**PROMPT:** Transcribe the records that follow. Keep every word exactly, and drop the pictures.

────────────────────

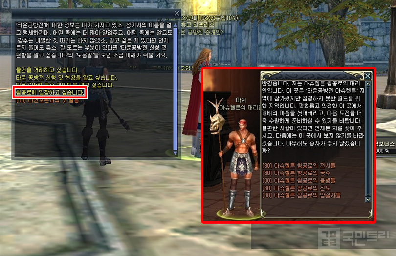 타운공방전 패자를 위한 보상도 있다. 바로 침공로 던전이다. 설정상 오래전 타운공방전을 차지하기 위해 수련을 쌓는 장소다. 승리하지 못한 길드의 캐릭터만 입장할 수 있는 안전 사냥터라 할 수 있다. 다음 타운공방전 대기 기간까지 이용하고, 침공로에서만 등장하는 몬스터 사냥과 전용 퀘스트를 진행 가능하다. 패배한 길드원들의 레벨업을 보조하며 다시 한번 기회를 주는 셈이다.
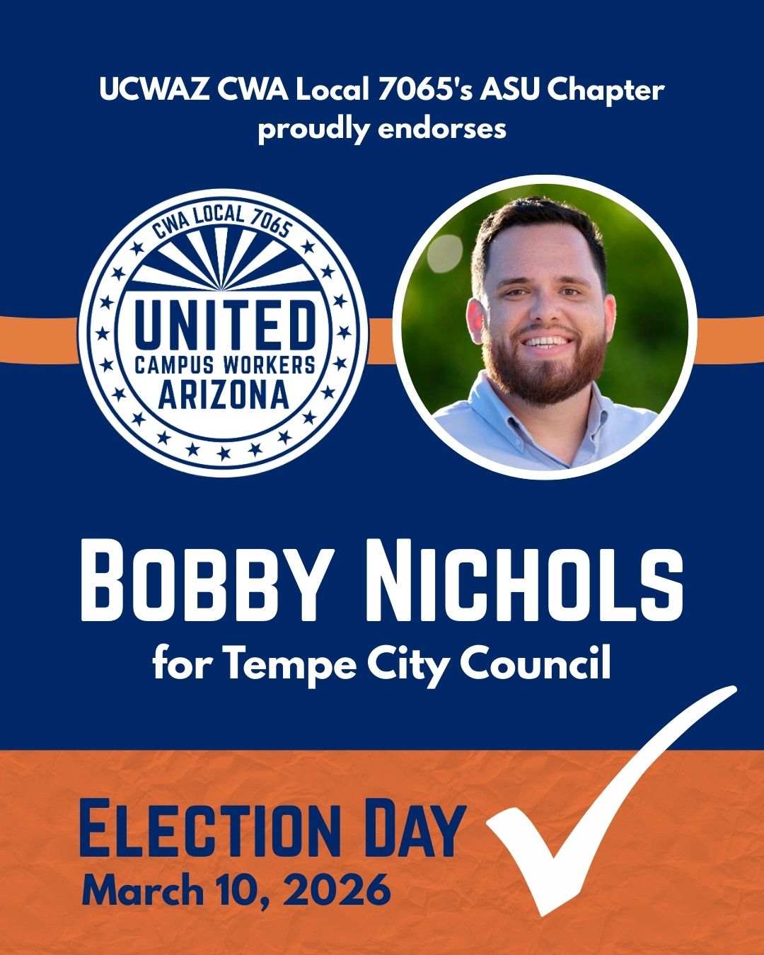 "The ASU Chapter of UCW-AZ is thrilled to endorse Bobby Nichols for Tempe City Council. Bobby has a proven record of standing in solidarity with workers across industries in Arizona not just in his words but in his actions. He has stood on picket lines and fought against Arizona’s 'right-to-work' laws. Mr. Nichols is a fierce ally to queer folks and people of color and has shown that he values the experiences of all sectors of the working class. Recently, Bobby was one of the main organizers behind the movement that forced Tempe City Council to rescind the 30-person restriction in public parks ordinance (O2025.25). He has organized actions to speak out against evictions by corporate development and supports rent control. When elected, Bobby plans to introduce legislation that would provide free municipal childcare and city-run grocery stores, among other initiatives. Join us in voting for Bobby Nichols for Tempe City Council on March 10th, 2026."
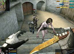 刀光剑影是一种团队进攻休闲娱乐模式,玩家通过使用近战武器不断击杀“感染者”和玩家获得积分,击杀玩家不但能获得更高的积分,也能阻止敌方玩家得分。在规定时间内,击杀“感染者”和敌方玩家都会得到胜利积分。在该模式中,玩家不仅可以体验到近距离虐杀“感染者”的快感,又不缺乏玩家间近距离对抗。同时,也能通过与“感染者”和玩家对抗,慢慢提升自身走位修为和地图的理解。
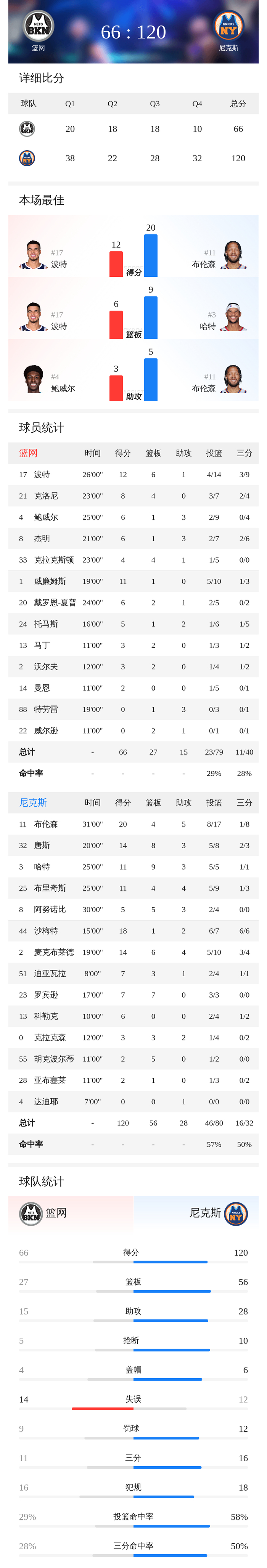 北京时间2026年1月22日,NBA常规赛上演纽约德比,尼克斯主场120-66血洗篮网,创下本赛季最大分差纪录。布伦森砍下20分5助攻,沙梅特三分6投全中贡献18分;篮网方面波特12分6篮板,全队命中率仅28.6%。
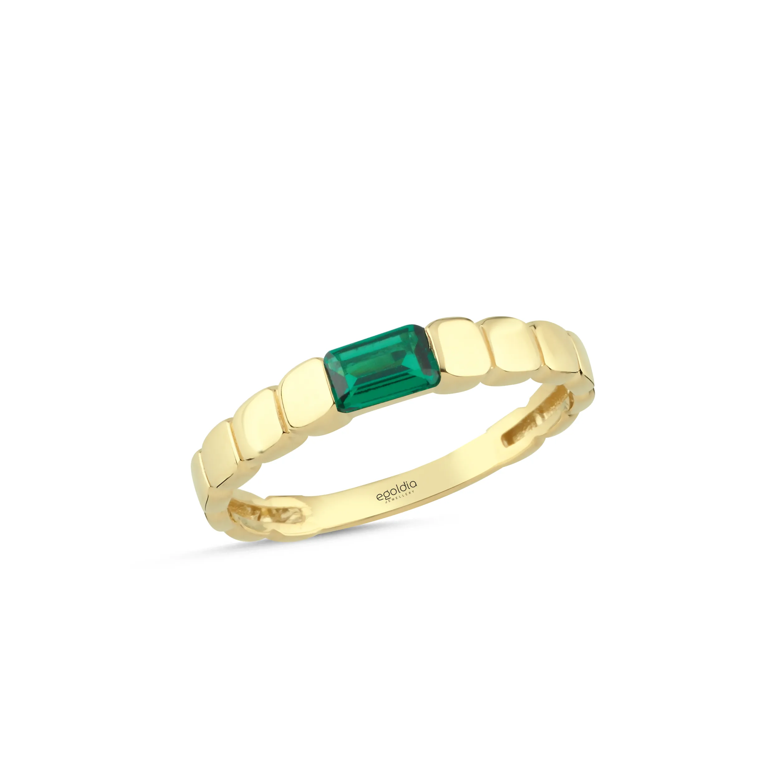 Kare Bakla Tasarım Yeşil Taşlı Yüzük
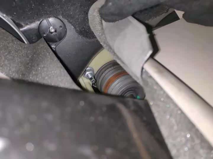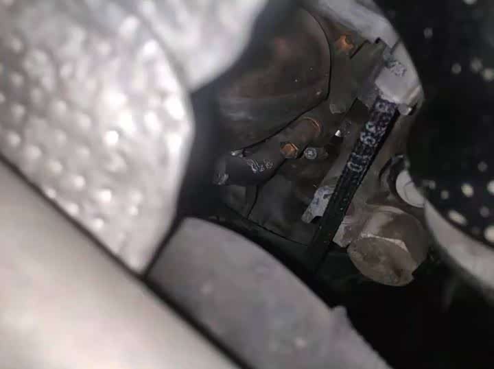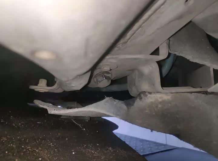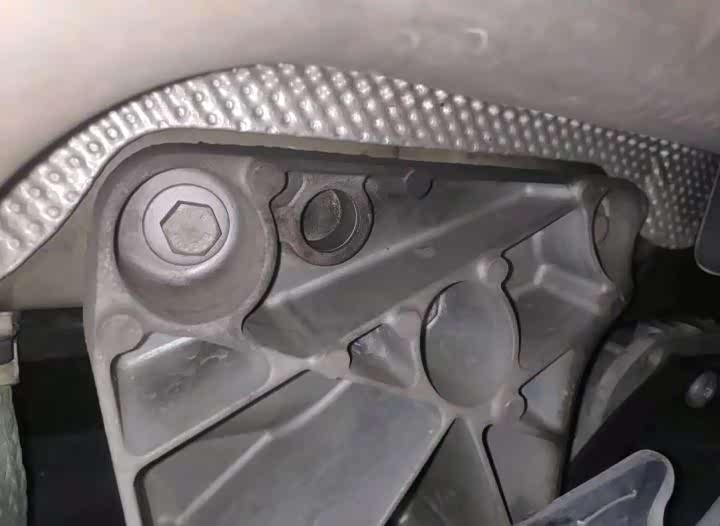 发动机底部元宝梁固定螺丝拆了,但元宝梁胶套并没有更换,宝马更换发动机机脚是必须拆元宝梁的,否则无法进行操作。

────────────────────

**RESULT OF THIS EXERCISE:**
 타운공방전 패자를 위한 보상도 있다. 바로 침공로 던전이다. 설정상 오래전 타운공방전을 차지하기 위해 수련을 쌓는 장소다. 승리하지 못한 길드의 캐릭터만 입장할 수 있는 안전 사냥터라 할 수 있다. 다음 타운공방전 대기 기간까지 이용하고, 침공로에서만 등장하는 몬스터 사냥과 전용 퀘스트를 진행 가능하다. 패배한 길드원들의 레벨업을 보조하며 다시 한번 기회를 주는 셈이다.
 "The ASU Chapter of UCW-AZ is thrilled to endorse Bobby Nichols for Tempe City Council. Bobby has a proven record of standing in solidarity with workers across industries in Arizona not just in his words but in his actions. He has stood on picket lines and fought against Arizona’s 'right-to-work' laws. Mr. Nichols is a fierce ally to queer folks and people of color and has shown that he values the experiences of all sectors of the working class. Recently, Bobby was one of the main organizers behind the movement that forced Tempe City Council to rescind the 30-person restriction in public parks ordinance (O2025.25). He has organized actions to speak out against evictions by corporate development and supports rent control. When elected, Bobby plans to introduce legislation that would provide free municipal childcare and city-run grocery stores, among other initiatives. Join us in voting for Bobby Nichols for Tempe City Council on March 10th, 2026."
 刀光剑影是一种团队进攻休闲娱乐模式,玩家通过使用近战武器不断击杀“感染者”和玩家获得积分,击杀玩家不但能获得更高的积分,也能阻止敌方玩家得分。在规定时间内,击杀“感染者”和敌方玩家都会得到胜利积分。在该模式中,玩家不仅可以体验到近距离虐杀“感染者”的快感,又不缺乏玩家间近距离对抗。同时,也能通过与“感染者”和玩家对抗,慢慢提升自身走位修为和地图的理解。
 北京时间2026年1月22日,NBA常规赛上演纽约德比,尼克斯主场120-66血洗篮网,创下本赛季最大分差纪录。布伦森砍下20分5助攻,沙梅特三分6投全中贡献18分;篮网方面波特12分6篮板,全队命中率仅28.6%。
 Kare Bakla Tasarım Yeşil Taşlı Yüzük
 发动机底部元宝梁固定螺丝拆了,但元宝梁胶套并没有更换,宝马更换发动机机脚是必须拆元宝梁的,否则无法进行操作。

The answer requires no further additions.